** INFORMATION PROVIDED follows **

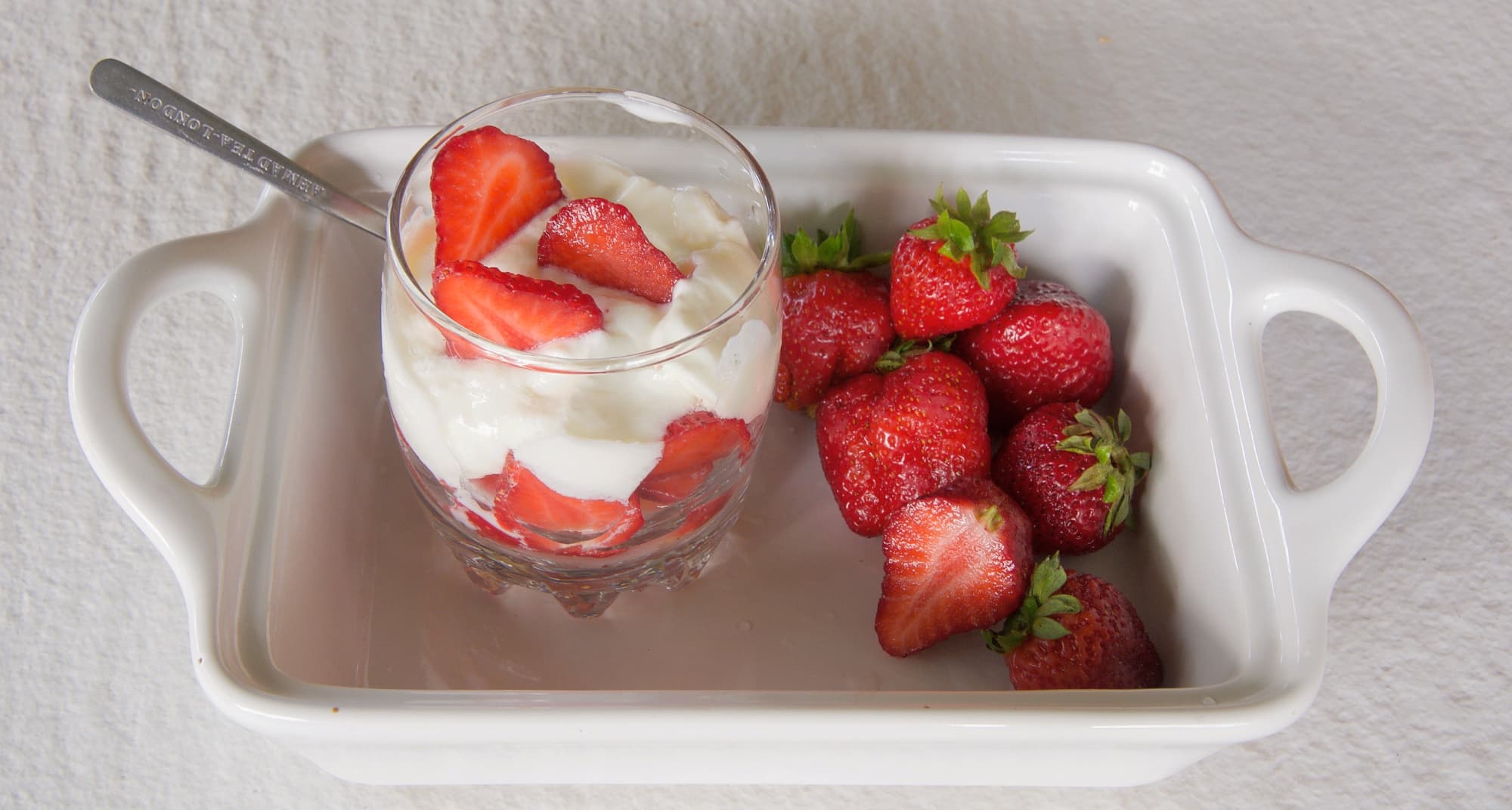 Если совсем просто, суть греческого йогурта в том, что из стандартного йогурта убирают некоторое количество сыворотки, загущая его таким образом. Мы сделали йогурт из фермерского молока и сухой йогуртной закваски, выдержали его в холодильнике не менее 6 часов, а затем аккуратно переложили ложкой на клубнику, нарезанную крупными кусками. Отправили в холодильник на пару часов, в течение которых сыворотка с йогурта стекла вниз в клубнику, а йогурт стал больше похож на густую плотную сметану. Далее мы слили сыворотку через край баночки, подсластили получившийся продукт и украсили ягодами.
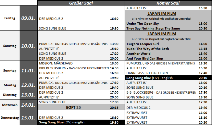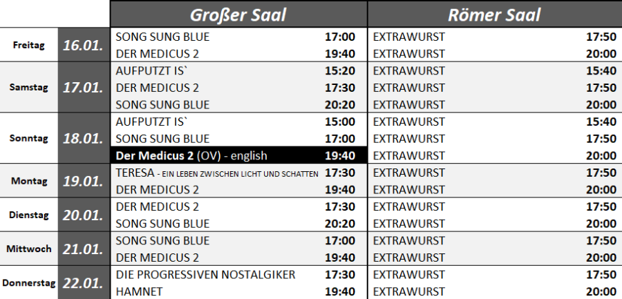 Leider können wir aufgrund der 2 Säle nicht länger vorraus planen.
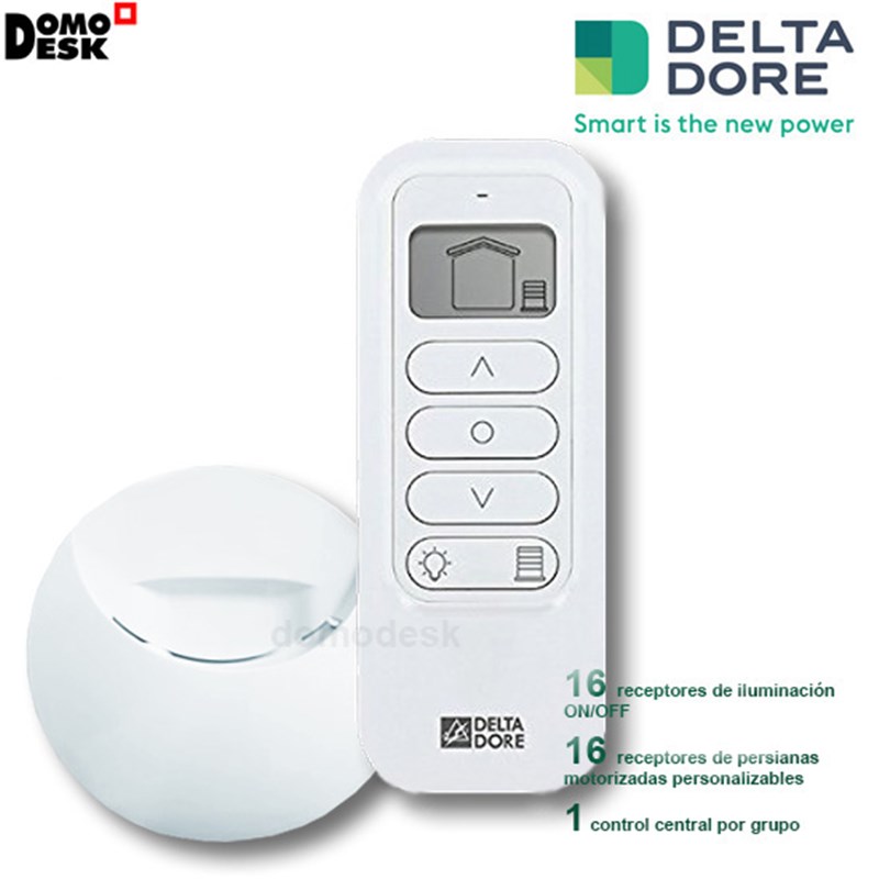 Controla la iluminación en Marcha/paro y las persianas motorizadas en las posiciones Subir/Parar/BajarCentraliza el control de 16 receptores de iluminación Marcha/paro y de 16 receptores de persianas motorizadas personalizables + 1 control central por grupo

** End of INFORMATION PROVIDED **

## WORK INSTRUCTION
Images are not wanted in the copy. Please print the material above exactly.

## TASK OUTPUT
 Если совсем просто, суть греческого йогурта в том, что из стандартного йогурта убирают некоторое количество сыворотки, загущая его таким образом. Мы сделали йогурт из фермерского молока и сухой йогуртной закваски, выдержали его в холодильнике не менее 6 часов, а затем аккуратно переложили ложкой на клубнику, нарезанную крупными кусками. Отправили в холодильник на пару часов, в течение которых сыворотка с йогурта стекла вниз в клубнику, а йогурт стал больше похож на густую плотную сметану. Далее мы слили сыворотку через край баночки, подсластили получившийся продукт и украсили ягодами.
 Leider können wir aufgrund der 2 Säle nicht länger vorraus planen.
 Controla la iluminación en Marcha/paro y las persianas motorizadas en las posiciones Subir/Parar/BajarCentraliza el control de 16 receptores de iluminación Marcha/paro y de 16 receptores de persianas motorizadas personalizables + 1 control central por grupo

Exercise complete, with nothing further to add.